What is Vitamin D & Why is it Essential
Vitamin D is a fat-soluble secosteroid. the major forms of vitamin-D are classified as Vitamin D3 (Cholecalciferol) and Vitamin D2 (Ergocalciferol) accountable for the absorption of calcium, magnesium, phosphate, and many other biological effects in the body. In simple terms, it is essential for your bone density, growth, development, and quality.
How Much Vitamin D Do We Need
The daily intake should be around 400-800 IU per day or 10-20 micrograms based on the U.S national academy of Medicine recommendations.
The data further suggests taking 4000 IU (International units) is safe for some individuals and at times taking higher doses is temporarily safe in order to raise blood levels in a few individuals.
What is Vitamin D Deficiency & What Causes it?
Lack of Vitamin D in the body results in Vitamin D deficiency (a.k.a. Hypovitaminosis D). It is a very common condition but many people are not aware. The main reasons are:
1. Inadequate intake of vitamin D through food
2. Inadequate or poor exposure to sunlight
3. Applying large quantities of sunscreen
4. Staying in a highly polluted area
5. Pregnancy and breastfeeding
6. Aged people above 65 years
7. Living at a high latitude
8. Sedentary lifestyle
9. Dark skin
The above causes may further result in rickets (seen in children), osteomalacia (softening of the bones) osteoporosis (reduced density and quality of the bone), and muscle weakness in adults eventually increasing the risk of bone fractures.
Signs and Symptoms of Vitamin D Deficiency
1. Mood swings, anxiety, or depression
2. Falling sick and frequent infections
3. Osteoporosis or bone fractures
5. Frequent lower back pain
6. Pale skin and dark circles
7. Sweating of the hands
8. Digestive problems
9. Loss of appetite
10. Muscle pain
12. Join pains
13. Hair loss
14. Dry skin
Management and Treatment
Treatment is simple and easy to fix. Below are the simple methods to beat vitamin-D deficiency:
a. Expose your Body to Sunlight: Ultraviolet B rays from the sun is the best source of it. Try to stay in the sunlight for 20-30 minutes without applying sunscreen between 11 am to 1 pm since this is the best time for essential Vitamin D.
b. Eat Vitamin-D Rich Food: Natural Vitamin-D sources include liver, eggs, beef liver, cheese, fish such as mackerel, salmon, tuna, etc.

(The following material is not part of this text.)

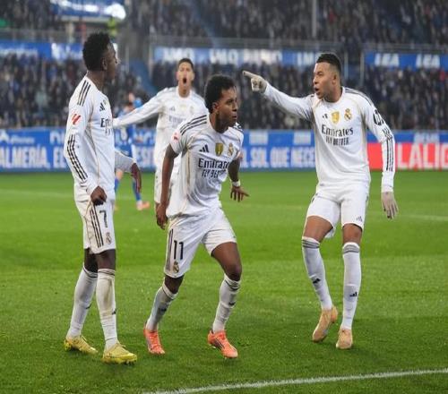 一樣是2:1獲勝,皇馬贏得更為驚險;第24分鐘,貝林厄姆斜塞反擊,姆巴佩左路個人能力內(nèi)切突破兜射率先完成破門,傷缺一場仍然沒有阻擋住姆巴佩進球的步伐,這已經(jīng)是他今年為皇馬打進的第56粒進球了。阿拉維斯頑強地在第69分鐘由比森特單刀完成破門,關(guān)鍵時刻是羅德里戈挺身而出;他在第76分鐘門前包抄接到維尼修斯的左路突破低平球傳中完成破門,皇馬才在客場2:1驚險取勝。連續(xù)2場首發(fā)打進2球,賽季初被棄用的小羅總用2粒進球暫緩了阿隆索的下課危機。

c. Take Enough Calcium: Calcium and Vitamin-d work together and help the bones to become stronger. This is why we should include calcium in our diet, the rich sources of calcium are dairy products, leafy vegetables, fish, tofu, almonds, beans, lentils, and whey protein.
d. Take Vitamin-D Supplements: Few people may not get enough Vitamin D though they try the above processes. Therefore, it is suggested to take supplements but only under the advice/observation of a physician or a health care professional.
e. Daily Exercise: Researchers have also found that regular exercises such as jogging, running, and playing basketball may increase the levels of it.